## Exercise:
Please copy each line of the listing below precisely, excluding the images.

## Data excerpt:
§ §

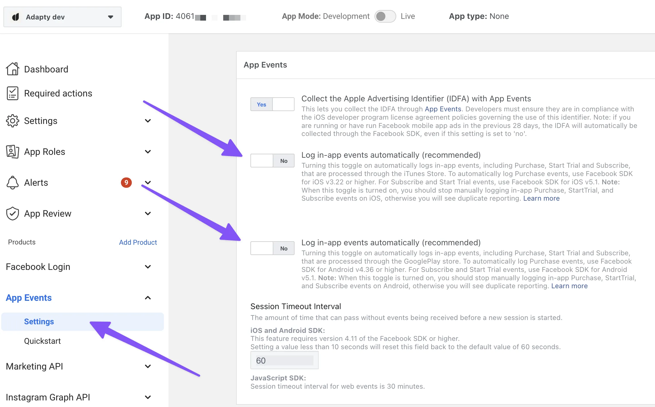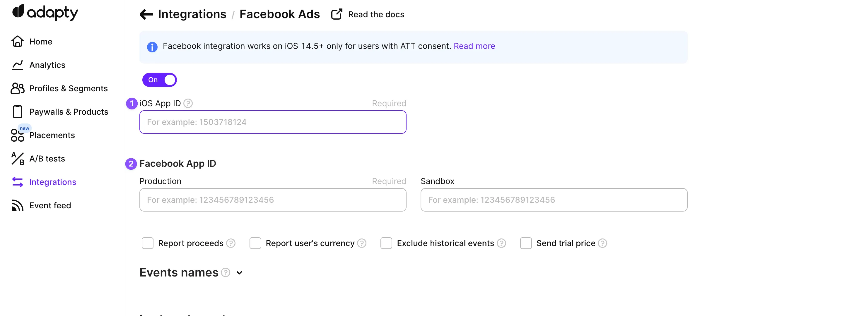 Because of iOS IDFA changes in iOS 14.5, if you use Facebook integration, make sure you send facebookAnonymousId to Adapty via .setIntegrationIdentifier() method. It allows Facebook to handle events if IDFA is not available.
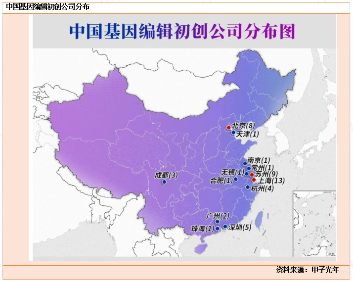 尽管如此,据相关机构监测,中国基因编辑初创公司已有50家,它们前仆后继,正在该赛道上打上中国印记。整体上看,中国的基因编辑初创企业沿海布局、区域集聚特征明显,主要集中在我国长三角、京津翼、大湾区和成渝双城四大经济圈。
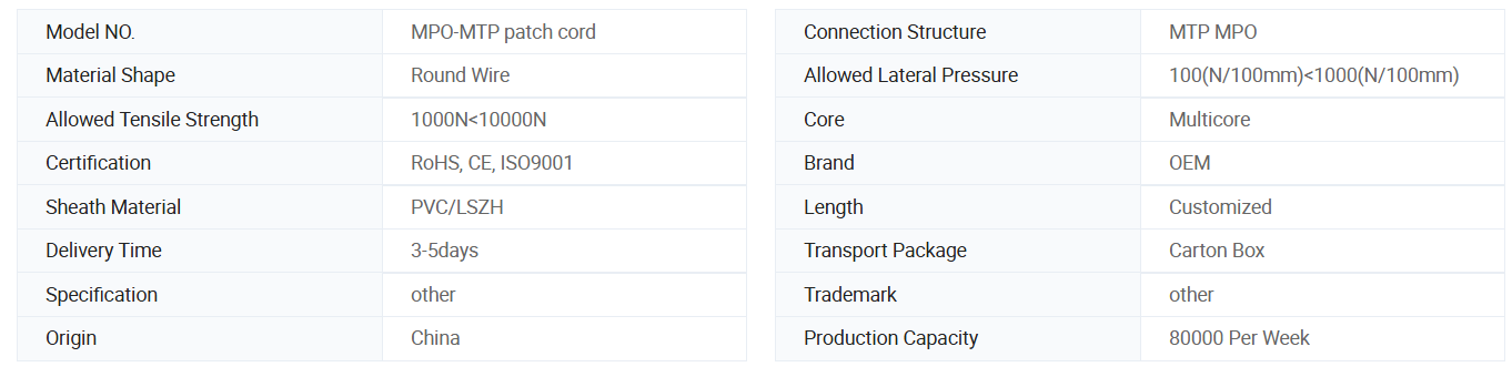 Flexible MPO/MTP 12 Fibers Fiber Optic Patch Cord -20C- 70C for Different Environments Images |

§ §

## Final answer:
 Because of iOS IDFA changes in iOS 14.5, if you use Facebook integration, make sure you send facebookAnonymousId to Adapty via .setIntegrationIdentifier() method. It allows Facebook to handle events if IDFA is not available.
 尽管如此,据相关机构监测,中国基因编辑初创公司已有50家,它们前仆后继,正在该赛道上打上中国印记。整体上看,中国的基因编辑初创企业沿海布局、区域集聚特征明显,主要集中在我国长三角、京津翼、大湾区和成渝双城四大经济圈。
 Flexible MPO/MTP 12 Fibers Fiber Optic Patch Cord -20C- 70C for Different Environments Images |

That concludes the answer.